How to Use URL Decoding

In Web Search

  1. Navigate to the search page
  2. Enter your search query
  3. Enable the "Decode URLs" checkbox in Advanced Options
  4. Optionally adjust the decode delay (default: 1.5s)
  5. Click Search
Note: URL decoding will increase search time, especially for large result sets.
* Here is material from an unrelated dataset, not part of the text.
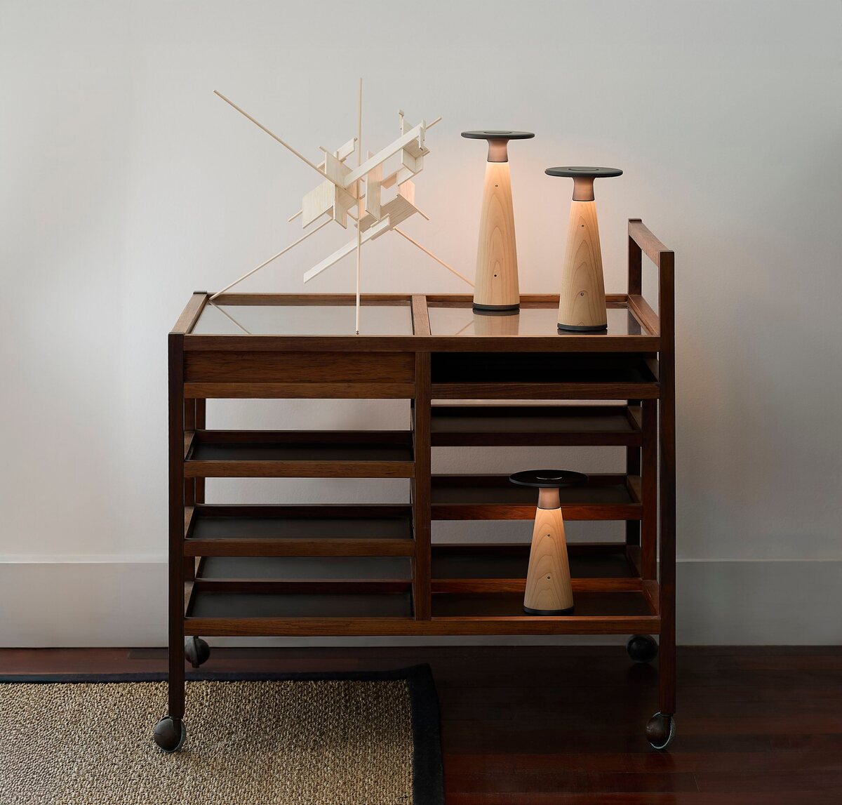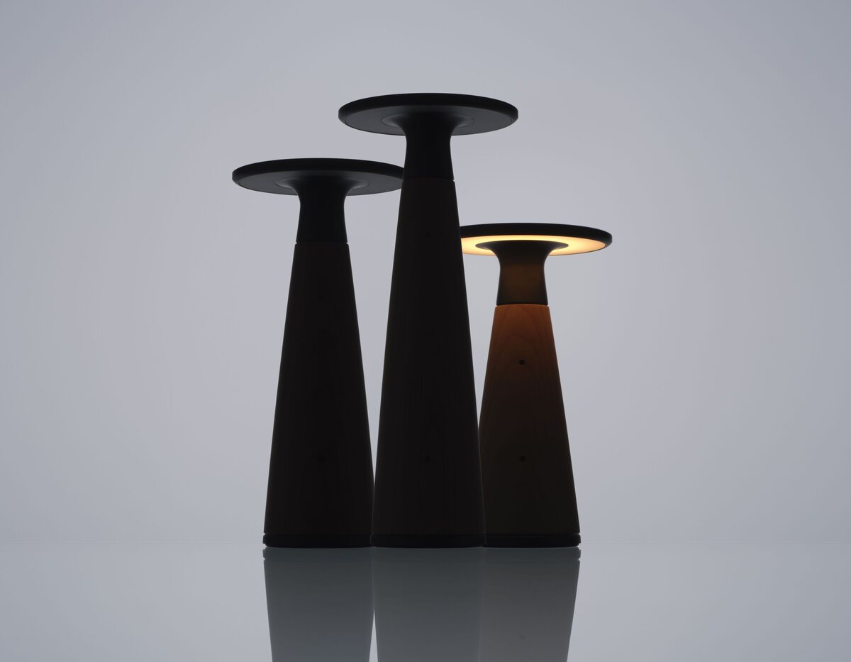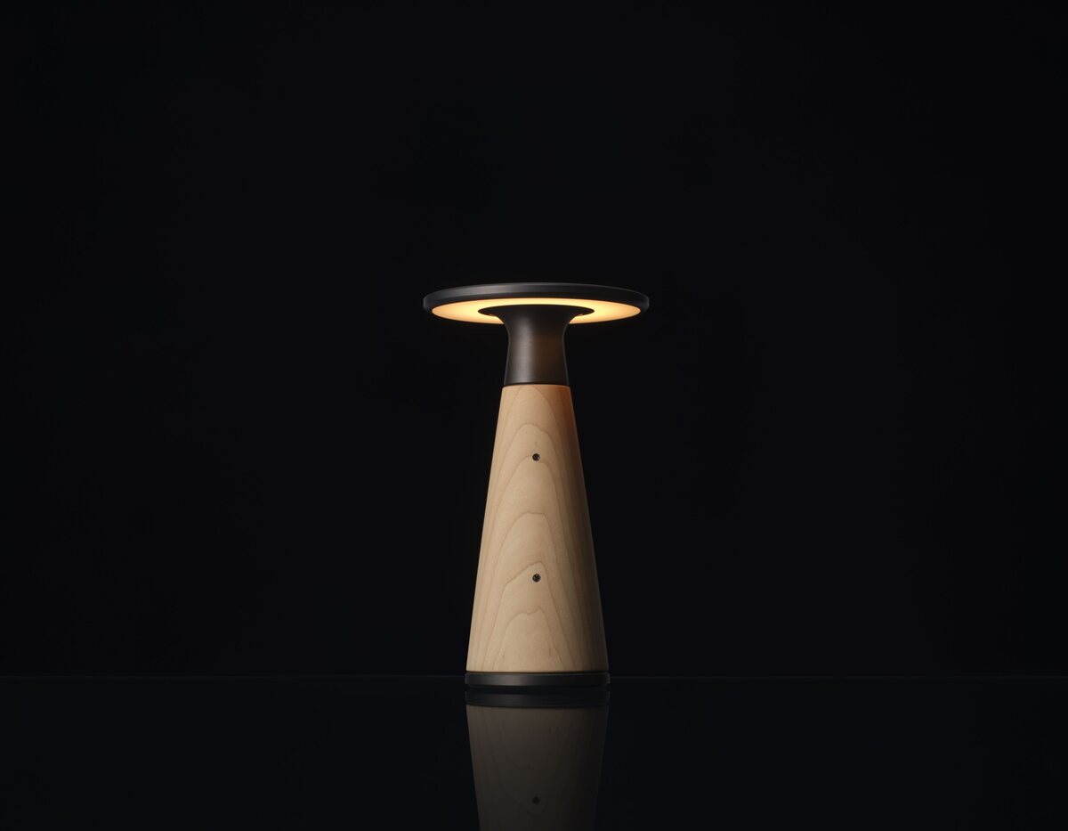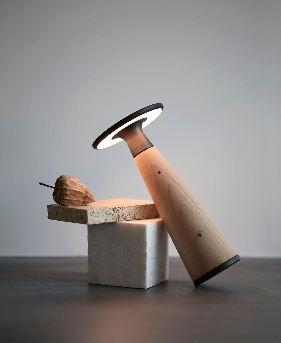 The Vosco Lamp by Ambientec is a rechargeable LED table lamp featuring wooden components. Designed by Nao Tamura, it offers flexibility with its interchangeable parts and provides a warm, ambient light.

The delay is necessary to avoid rate limiting.

Understanding the Results

When URL decoding is enabled, you'll see:

  • Decoded URLs: Original publisher links in search results
  • Resolution Summary: Statistics showing successful/failed decodings
  • Cache Performance: How many URLs were retrieved from cache
  • Circuit Breaker Status: Whether rate limiting is active

Optimization Tips

  • Start with smaller result sets (max: 50) to build up the cache
  • Use conservative mode for important searches
  • Check cache statistics to understand performance
  • If you see "sorry" URLs, wait a few minutes before retrying

API Reference

Search API with URL Decoding

GET /api/search?q=your+query&decode_urls=true&decode_delay=1.5&conservative=false

Parameters:

Parameter Type Default Description
decode_urls boolean false Enable URL decoding
decode_delay float 1.5 Delay between decode requests (seconds)
conservative boolean false Use conservative rate limiting

Response Format

{ "results": [ { "title": "Article Title", "url": "https://originalpublisher.com/article", "url_decoded": true, "published": "2024-06-27T10:30:00Z", "source": "Publisher Name" } ], "metadata": { "total": 50, "url_resolution": { "resolved": 45, "failed": 5, "cache_hits": 30, "circuit_breaker": false } } }

Troubleshooting

Common Issues

🚫 Getting "Sorry" URLs

Cause: Google has rate-limited your requests

Solution:

  • Wait 5-10 minutes before retrying
  • Use conservative mode (--conservative flag)
  • Increase decode delay to 3+ seconds
  • Reduce batch size

🐌 Slow Decoding Performance

Cause: No cache hits, all URLs being decoded fresh

Solution:

  • Start with smaller batches to build cache
  • Reuse similar queries to benefit from cache
  • Check cache statistics

❌ Circuit Breaker Tripped

Cause: Too many consecutive failures

Solution:

  • Wait for cooldown period (60-300 seconds)
  • Check problematic URLs list
  • Use different search queries

Cache Management

Cache files are stored in:

~/.cache/vietnews/url_resolution_cache.json # Decoded URLs ~/.cache/vietnews/problematic_urls.txt # Blacklisted URLs ~/.cache/vietnews/circuit_breaker_state.json # Circuit breaker state
To reset the decoder: Delete these cache files and restart the application.